-
Some thoughts
I have been helping to build and place brush in Lake Oologah in Oklahoma for a couple of years at the annual brush pile day sponsored by the corps. I have been fishing the brush for the past three years and I have noticed that the bigger and taller and bushyer we build them that they hold a lot of smaller fish. When I first started fishing the older brush 3 years ago I could barely find it on my sonar because the brush pile had collapsed and that was before the corp started using 4 foot square boxes made from pallets. We can really load those up and make them big and bushy.
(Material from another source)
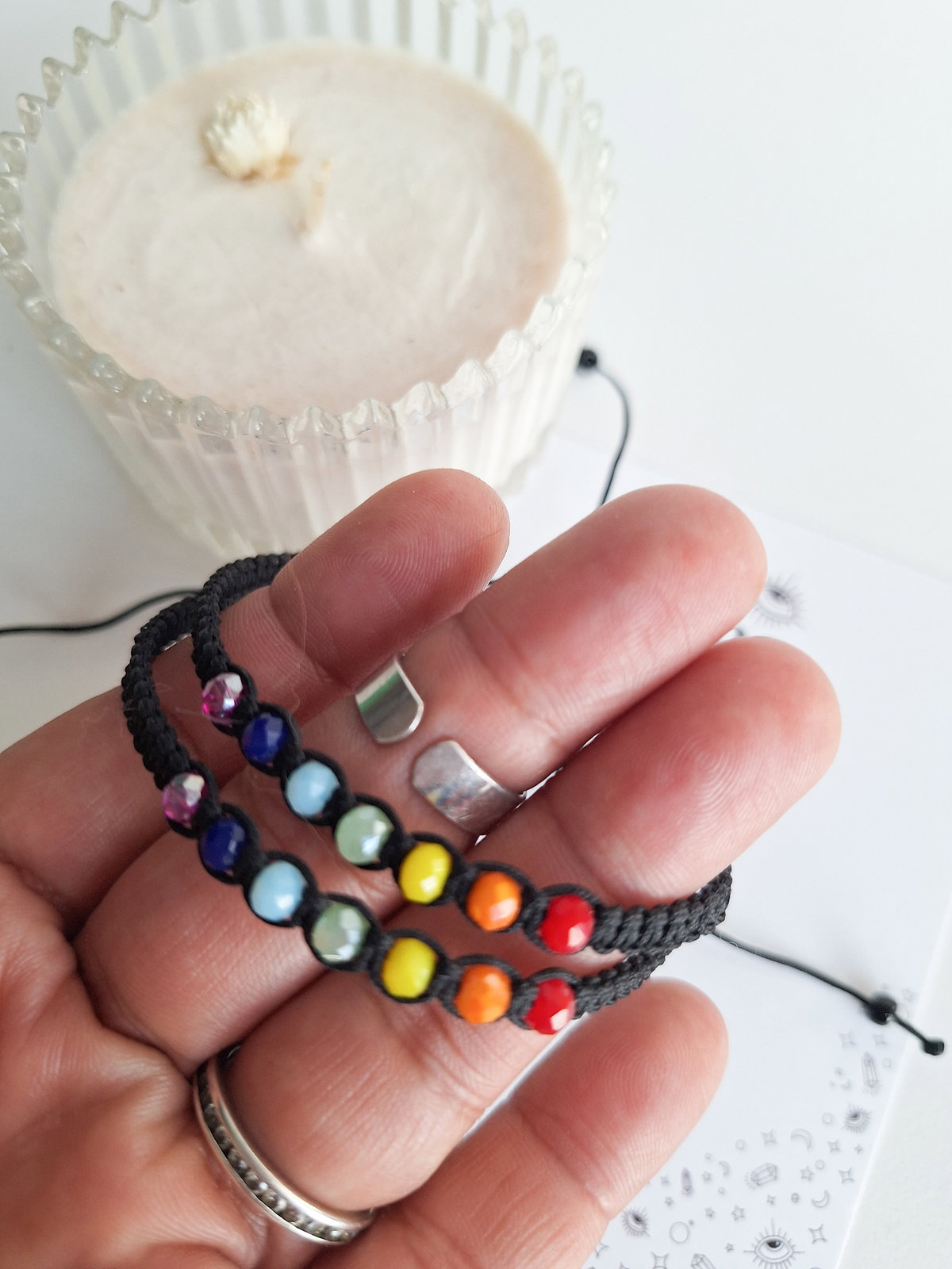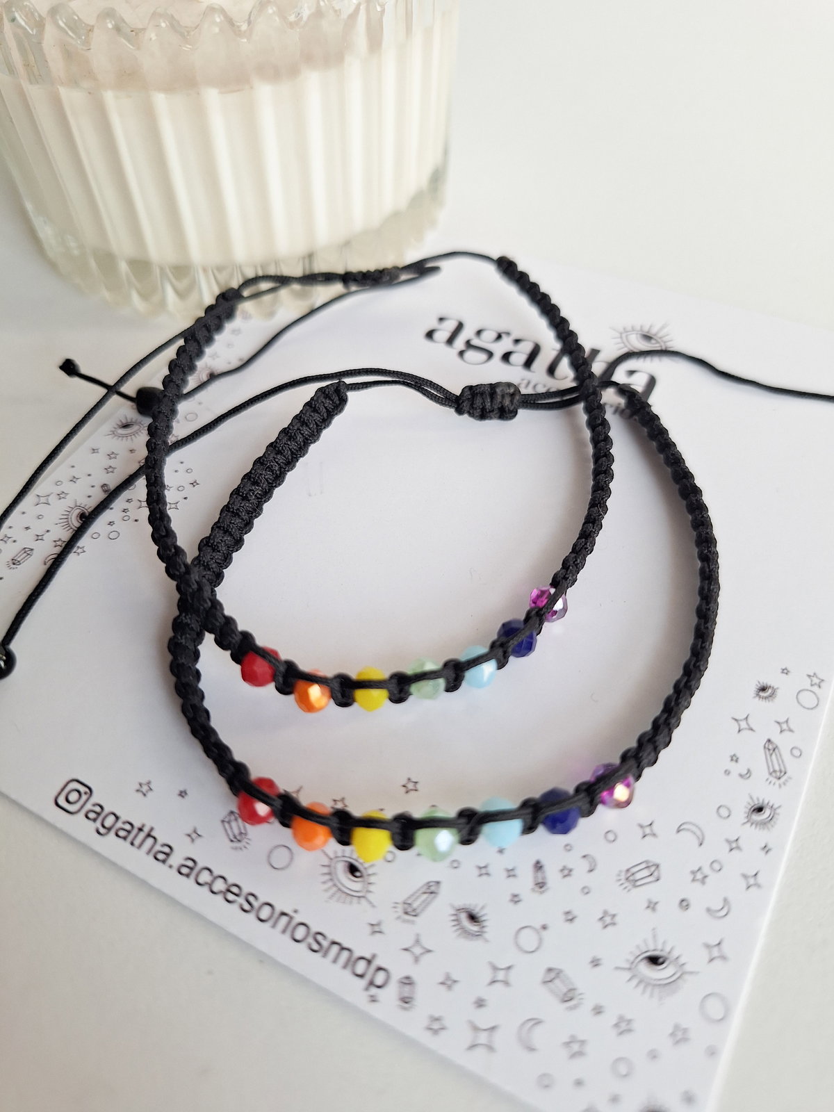 Pulsera realizada con hilo chino tejidas macramé, con cristales de 4 mm. Cierre regulable.

The old and smaller piles were right down on the bottom and I caught some really nice fish and good numbers. Now with the new ones I catch mostly small ones. I have been thinking, most of the fish I catch are close to the bottom, 18" from the bottom in 15 to 20 foot of water. The brush is 4 foot off of the bottom and mushrooms like an upside down pyramid. A friend of mine sinks old bleached out cedars he finds on the bank right down on the bottom long ways, one per spot, about 8 to 10 feet long. These old trees only have the main branches left on them by now wich are only about 5 feet long at the most. An Old Timer taught him how to do this and he catches some really nice fish on Lake Keystone in Oklahoma. I think I will try some pvc laydown type structure since I already have the 4" pipe even though I am beginning to lean towards wood as a primary structure. Nimrod mentioned that he uses pallets with 2' to 4' stakes since he catches most of his fish "low" in a post labeled "real wood" and I think I agree with him based on my experince here in N. E. Ok. We have some pvc out and we cath a few now and then from it but wood is doing better. I will be finishing a pvc bed with the barrels spaced out and lots of structure inbetween as described in a previous post, time will tell.
Kenny
-
Good info!!! Thanks for the post and I will be reading Nimrods next.